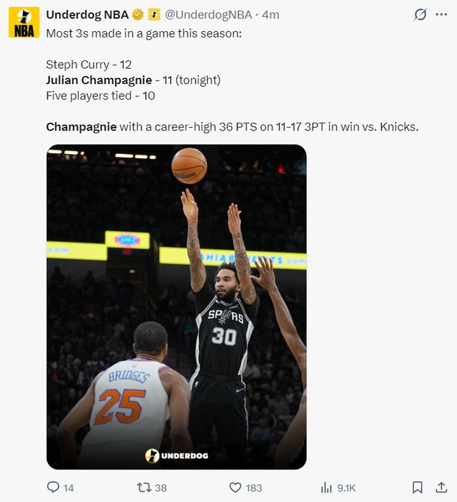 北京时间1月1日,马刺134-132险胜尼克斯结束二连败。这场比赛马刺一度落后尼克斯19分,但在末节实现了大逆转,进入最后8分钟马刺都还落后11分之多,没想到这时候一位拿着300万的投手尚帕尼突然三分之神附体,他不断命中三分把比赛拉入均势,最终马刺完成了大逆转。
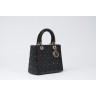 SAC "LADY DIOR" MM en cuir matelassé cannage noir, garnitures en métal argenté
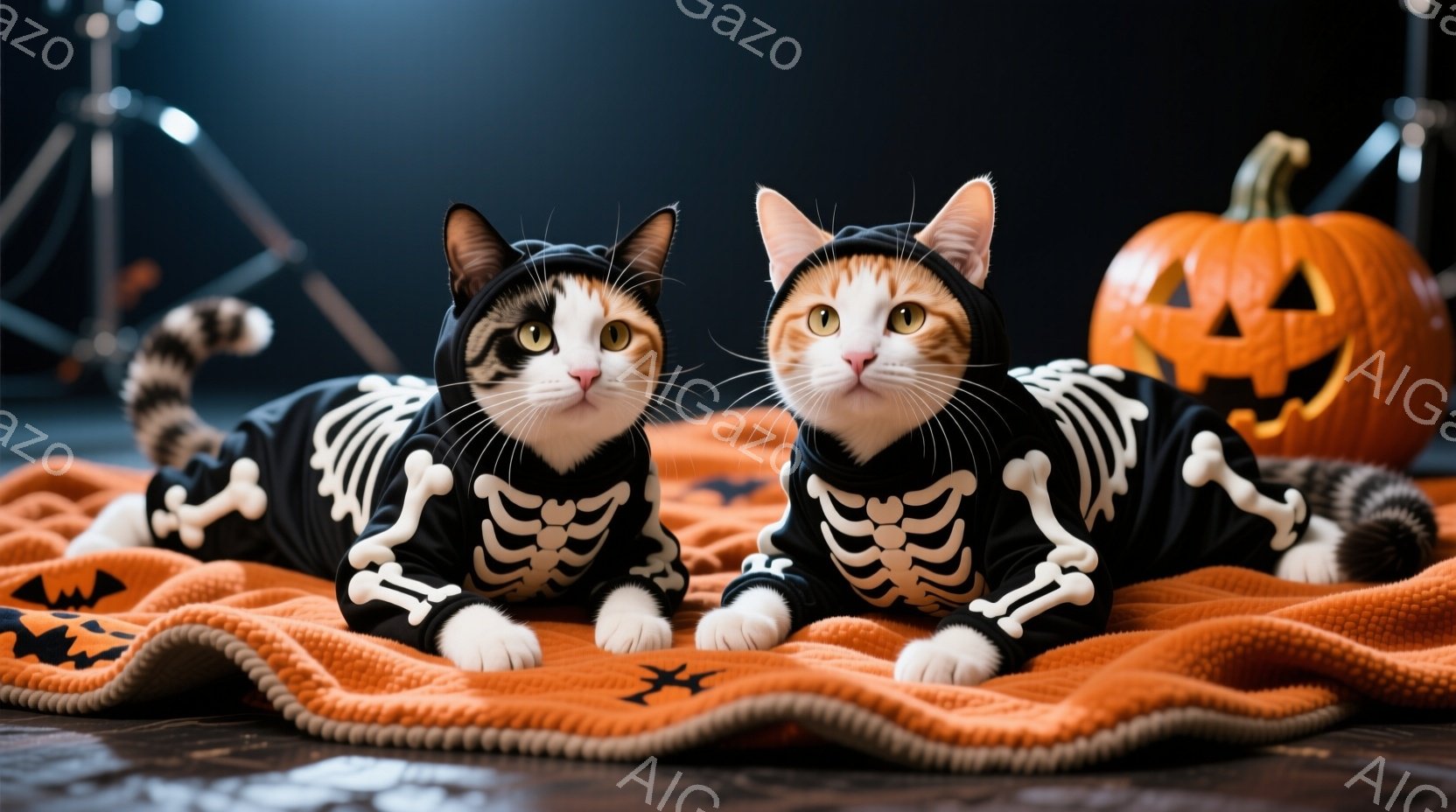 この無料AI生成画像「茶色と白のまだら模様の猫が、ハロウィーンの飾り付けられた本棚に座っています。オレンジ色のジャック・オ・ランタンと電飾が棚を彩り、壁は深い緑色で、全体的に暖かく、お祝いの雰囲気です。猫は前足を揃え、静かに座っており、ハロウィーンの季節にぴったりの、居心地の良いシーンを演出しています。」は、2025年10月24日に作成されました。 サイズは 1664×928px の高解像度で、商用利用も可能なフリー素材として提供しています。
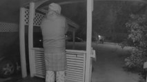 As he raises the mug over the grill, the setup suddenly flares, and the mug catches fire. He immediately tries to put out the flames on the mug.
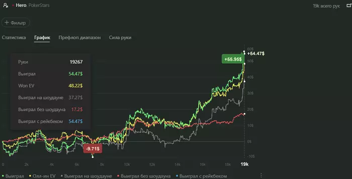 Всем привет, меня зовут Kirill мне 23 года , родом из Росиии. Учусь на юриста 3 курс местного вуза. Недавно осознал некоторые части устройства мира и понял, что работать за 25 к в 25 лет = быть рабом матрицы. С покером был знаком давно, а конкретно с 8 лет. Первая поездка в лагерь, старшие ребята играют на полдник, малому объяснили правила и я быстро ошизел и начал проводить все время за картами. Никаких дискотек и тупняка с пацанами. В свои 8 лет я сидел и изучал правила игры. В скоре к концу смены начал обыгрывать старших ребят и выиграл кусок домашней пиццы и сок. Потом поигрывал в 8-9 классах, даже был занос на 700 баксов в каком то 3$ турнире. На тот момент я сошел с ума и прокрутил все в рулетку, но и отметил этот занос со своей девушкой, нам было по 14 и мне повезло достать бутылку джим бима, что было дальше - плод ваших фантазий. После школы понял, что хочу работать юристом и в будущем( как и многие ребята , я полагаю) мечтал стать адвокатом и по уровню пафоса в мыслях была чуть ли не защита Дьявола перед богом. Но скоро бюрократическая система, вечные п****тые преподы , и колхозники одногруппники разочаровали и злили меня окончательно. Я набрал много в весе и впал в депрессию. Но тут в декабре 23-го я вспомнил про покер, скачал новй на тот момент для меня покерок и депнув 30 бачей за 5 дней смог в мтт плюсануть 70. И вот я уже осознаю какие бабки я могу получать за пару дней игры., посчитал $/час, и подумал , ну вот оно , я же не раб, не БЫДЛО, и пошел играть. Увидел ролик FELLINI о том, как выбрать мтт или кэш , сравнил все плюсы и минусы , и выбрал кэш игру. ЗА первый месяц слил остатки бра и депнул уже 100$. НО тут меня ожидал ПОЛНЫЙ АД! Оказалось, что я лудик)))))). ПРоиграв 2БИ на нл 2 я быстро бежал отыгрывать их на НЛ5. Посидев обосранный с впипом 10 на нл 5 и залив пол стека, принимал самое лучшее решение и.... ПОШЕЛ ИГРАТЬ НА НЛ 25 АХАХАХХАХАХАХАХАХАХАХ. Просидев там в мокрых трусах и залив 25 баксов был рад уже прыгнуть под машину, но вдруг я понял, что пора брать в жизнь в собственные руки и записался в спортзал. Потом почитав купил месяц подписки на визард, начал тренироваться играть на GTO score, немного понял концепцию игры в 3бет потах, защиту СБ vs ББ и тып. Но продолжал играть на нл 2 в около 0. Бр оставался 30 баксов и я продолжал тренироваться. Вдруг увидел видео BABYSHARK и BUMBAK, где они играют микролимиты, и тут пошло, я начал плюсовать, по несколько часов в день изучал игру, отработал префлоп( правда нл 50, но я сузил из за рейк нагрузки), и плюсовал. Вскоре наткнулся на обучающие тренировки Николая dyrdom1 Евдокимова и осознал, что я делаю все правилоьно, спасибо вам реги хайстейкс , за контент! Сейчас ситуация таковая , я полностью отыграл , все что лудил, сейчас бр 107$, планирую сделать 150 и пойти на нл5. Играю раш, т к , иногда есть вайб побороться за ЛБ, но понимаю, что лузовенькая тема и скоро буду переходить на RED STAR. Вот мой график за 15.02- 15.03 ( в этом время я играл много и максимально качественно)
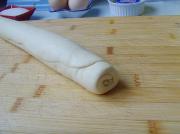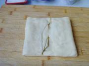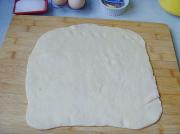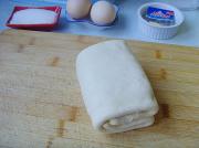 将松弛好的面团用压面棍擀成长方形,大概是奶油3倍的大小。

Exercise. From the first line of the records through the line with "As he raises", reproduce each line exactly and leave the pictures out.

The completed task.
 北京时间1月1日,马刺134-132险胜尼克斯结束二连败。这场比赛马刺一度落后尼克斯19分,但在末节实现了大逆转,进入最后8分钟马刺都还落后11分之多,没想到这时候一位拿着300万的投手尚帕尼突然三分之神附体,他不断命中三分把比赛拉入均势,最终马刺完成了大逆转。
 SAC "LADY DIOR" MM en cuir matelassé cannage noir, garnitures en métal argenté
 この無料AI生成画像「茶色と白のまだら模様の猫が、ハロウィーンの飾り付けられた本棚に座っています。オレンジ色のジャック・オ・ランタンと電飾が棚を彩り、壁は深い緑色で、全体的に暖かく、お祝いの雰囲気です。猫は前足を揃え、静かに座っており、ハロウィーンの季節にぴったりの、居心地の良いシーンを演出しています。」は、2025年10月24日に作成されました。 サイズは 1664×928px の高解像度で、商用利用も可能なフリー素材として提供しています。
 As he raises the mug over the grill, the setup suddenly flares, and the mug catches fire. He immediately tries to put out the flames on the mug.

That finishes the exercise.